A premise that applies to all in a category.
“All cows eat grass”.
Can’t be inverted. “All grass is eaten by cows” is not necessarily true.
Particular Premise
Can this be inverted?
A premise that applies to the logical “some”.
The logical “some” simply means “greater than zero”
Sometimes. Because of the “some” operator, this argument can be interpreted in three different ways.
Affirmative Premise
A premise that states something has a property. This can be thought of as a substate for Universal and Particular premises.
Negative Premise.
A premise that states something doesn’t have a property.
Heuristic
A mental rule of thumb that saves energy. It often yields the right answer. Not always. Sometimes it misleads us.
Bias
A tendency to see a situation a certain way.

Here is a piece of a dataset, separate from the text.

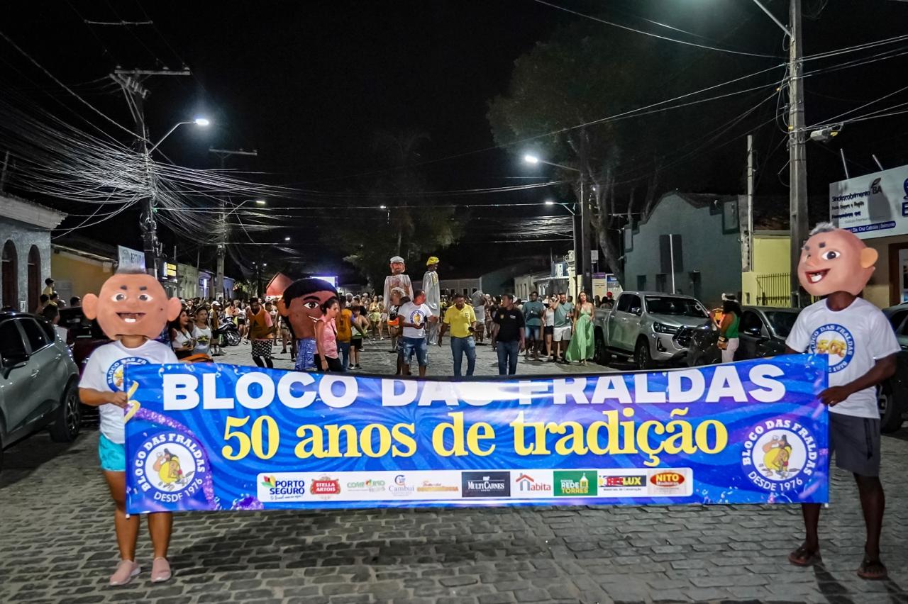 Na sede, Das Fraldas celebrou 50 anos de irreverência com a Charanga 2 de Julho, saindo do Centro de Cultura e contagiando o percurso com uma multidão sem fim de foliões. Depois, Ninguém Segura Essas Babás veio no minitrio com a Charanga Bamups e Karine Ramos, desde a Casa da Lenha. Os Meninos de Vó homenagearam o personagem Chaves ao som de Saan Vagner, desde a Praça do Dendê. E a noite fechou com o Laele, com Gil Lima, desde a Tarifa dos Pescadores pondo a folia para pipocar com quase 700 pessoas.

INTUITIVE STATISTICS (We saw eight!)
The collection of heuristics and biases that we use to make sense of our world. They work sometimes, but they’re super flawed.
The law of large numbers
An actual statistical concept! The larger our sample, the closer it approaches the true value.
The law of averages
Should be called the fallacy of averages, in my opinion. Our tendency to believe that if our samples aren’t behaving the way we expect them to, the likelihood that they’ll come around is increasing.
The law of small numbers
DAMMIT KAHNEMAN AND TVERSKY! THESE ARE FALLACIES.
The mistaken belief that a small sample should reflect the entire population.
For example, if McGil is 50% male and 50% female, and we selected 30 people randomly, we expect 15 of them to be male. In reality, we can’t say anything about the distribution.
Representativeness heuristic
A heuristic where we assume that small samples resemble each other and the population from which they are drawn.
I guess this is often the case, but sometimes it’s not.
Adjustment and Anchoring
A phenomenon, where people’s judgments of magnitude are biased based on the initial value they see.
If you want people to give you money, make sure to hit them hard first! And then give them an easy way out.
Availability Heuristic
The belief that the more easily you can think of examples of something, the more frequently the event occurs.
Like dad and his belief that we’re always on the computer.
Illusory Correlation
The mistaken belief that events go together when in fact they don’t.